Los nuevos riesgos con Trump
La situación en Estados Unidos está muy lejos de mejorar. Además de que no hay avances reales que nos permitan suponer que las cosas con el Tratado de Libre Comercio van camino a mejorar en el futuro inmediato, el Partido Republicano padece un grado de descomposición interno tan elevado que es difícil imaginar que las cosas pudieran mejorar en el corto plazo. No sólo perdieron las dos gubernaturas que estuvieron en disputa en las elecciones del mes pasado, Nueva Jersey y Virginia, perdieron también el control de los congresos locales de esos estados y han perdido cualquier cantidad de elecciones locales.
Como resultado de ello, la elección en Alabama para nombrar al sustituto del actual procurador general, Jeff Sessions, en el Senado de EU se ha convertido en una especie de prueba del ácido del futuro del gobierno de Donald Trump y la estabilidad del país.

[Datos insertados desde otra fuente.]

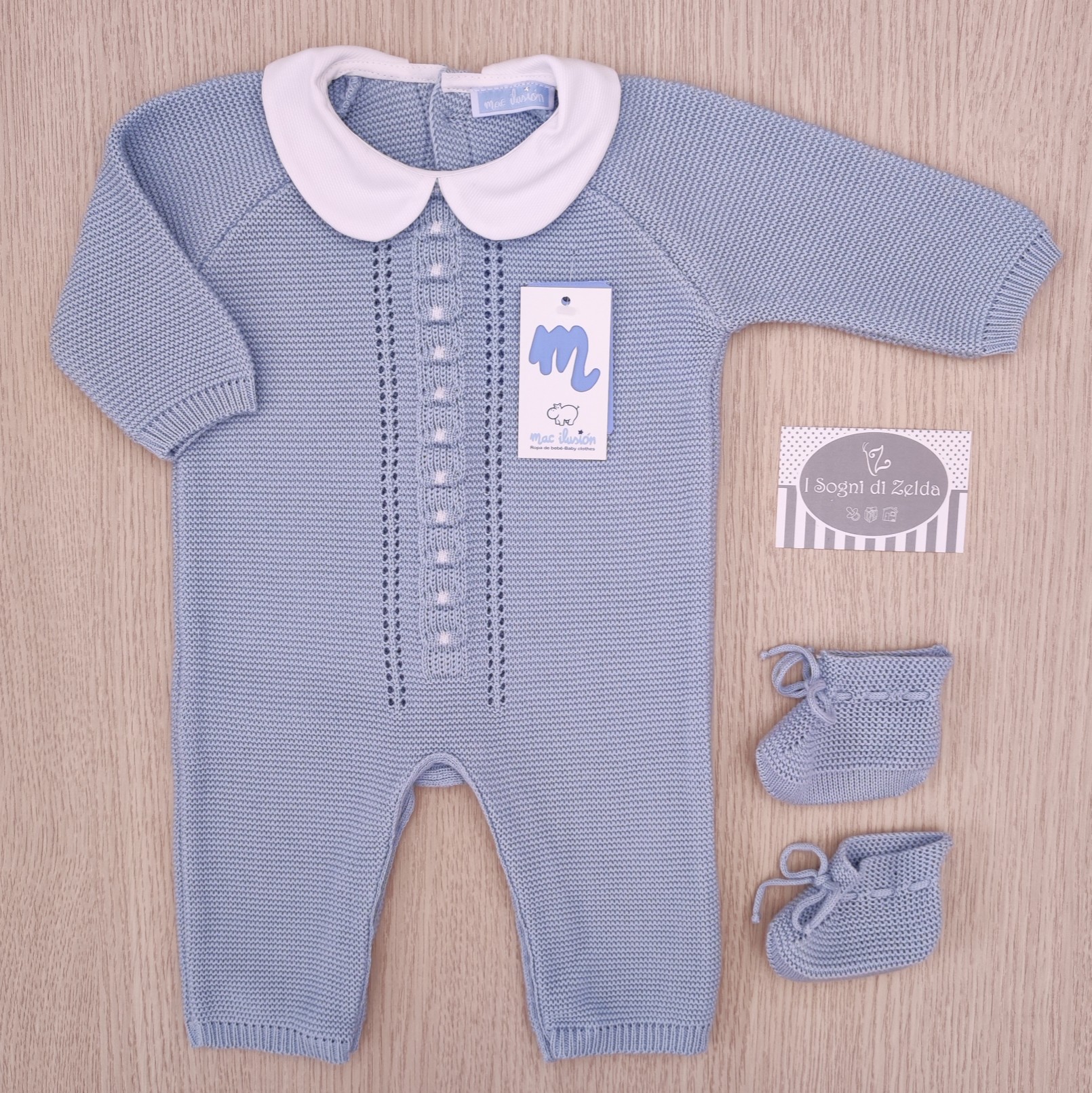 Tutina nascita Mac Ilusion – Brisa/Bianco, con scarpette 1 mese (56cm) – 50% cotone, 50% acrilico – Made in Spain cod: 9654

No sólo es el asunto del abuso sexual, una de las principales acusaciones lanzadas contra Roy Moore, el exprocurador estatal de justicia que trata de obtener el escaño de Sessions, lo que ha desatado una avalancha de acusaciones contra varias figuras públicas de distinto calibre. El trasfondo de esas acusaciones de acoso sexual es saber si el Partido Republicano será capaz o no de conservar el control del Senado, lo que implica —a su vez—mantener la capacidad para controlar la nominación de ministros de la Suprema Corte de Justicia de ese país.
Ese asunto es muy importante para fundamentalistas seudocristianos como la familia de Jerry Falwell, el dueño de Liberty University y de distintas empresas de comunicación que, obsesionadas con la teología de la prosperidad, limitan la protección de la vida humana a lo que ocurre en el útero, pero se olvidan de las personas una vez que salen del útero de sus madres. De ahí que, con tal de sostener la candidatura de Roy Moore, se hagan comparaciones absurdas entre este personaje y san José, el esposo de la virgen María, o se diga que lo que Moore buscaba en las jovencitas de 15 o 16 años era la pureza que sólo ellas podían ofrecerle, como si eso fuera algo que se debiera admirar.
Esta situación ha convertido a la elección en Alabama en una suerte de parteaguas del futuro del gobierno de Trump que enfrente otros dos problemas. Uno, el más conocido para todos, es el del futuro, todavía incierto para el actual Presidente, de la investigación del fiscal especial Robert Mueller sobre los vínculos de Trump, sus familiares y operadores políticos con agentes del gobierno ruso. El otro es el del futuro de las dos propuestas de reforma fiscal que, a partir de lógicas similares, pero con algunas variaciones de tono, impulsan los republicanos en el Senado y la Casa Blanca como parte de intentos separados para tratar de destruir el sistema de salud creado por Barack Obama, sin que en realidad haya algo que lo sustituya.
En lo que hace al tema de Mueller, la situación es muy difícil para Trump. Ayer, Washington desayunó la noticia de que el general Michael Flynn, luego de negarlo, había aceptado que Trump le había pedido establecer contactos con Rusia sin que, en estricto sentido, estuviera facultado para hacerlo. Aceptar que mintió es una manera de pasar ahora la responsabilidad del cargo principal, el de haber tenido contactos con el gobierno ruso, al equipo de campaña y la familia de Trump. No es difícil imaginar ahora un escenario que eventualmente llevaría al desafuero y juicio político de Trump mismo.
Eso, siendo muy malo, palidece cuando se considera lo que pasaría de aprobarse la reforma fiscal que actualmente se discute en EU. Se trata de una propuesta que tendría efectos cataclísmicos. Tanto así que la agrupación llamada Sojourners, que reúne a laicos y clérigos de distintos credos, inició una campaña en la que difunden por distintas vías los dos mil versículos de la Biblia que llaman a evitar abusos, a proteger a los más débiles, evitar la usura y cualquier forma de abuso. La campaña ya le costó a un grupo de ministros de distintos credos ser encarcelados y podría alentar protestas más activas en todo el país.
EU vive una época difícil. Es incierto saber cuáles podrían ser los efectos que enfrentará México de continuar esta situación que ha convertido a la política en una farsa tóxica. Lo que debería quedarnos claro a los mexicanos es que no podemos apostar todo a tratar de complacer a un vecino que ya antes de Trump era difícil. Esta situación, además, se agrava por nuestra propia inestabilidad que, si no se manifiesta todavía en lo político, es porque se expresa de manera cada vez más evidente en los muy elevados índices de violencia que padecemos, así como en la impunidad galopante que nos convierte en una sociedad cínica.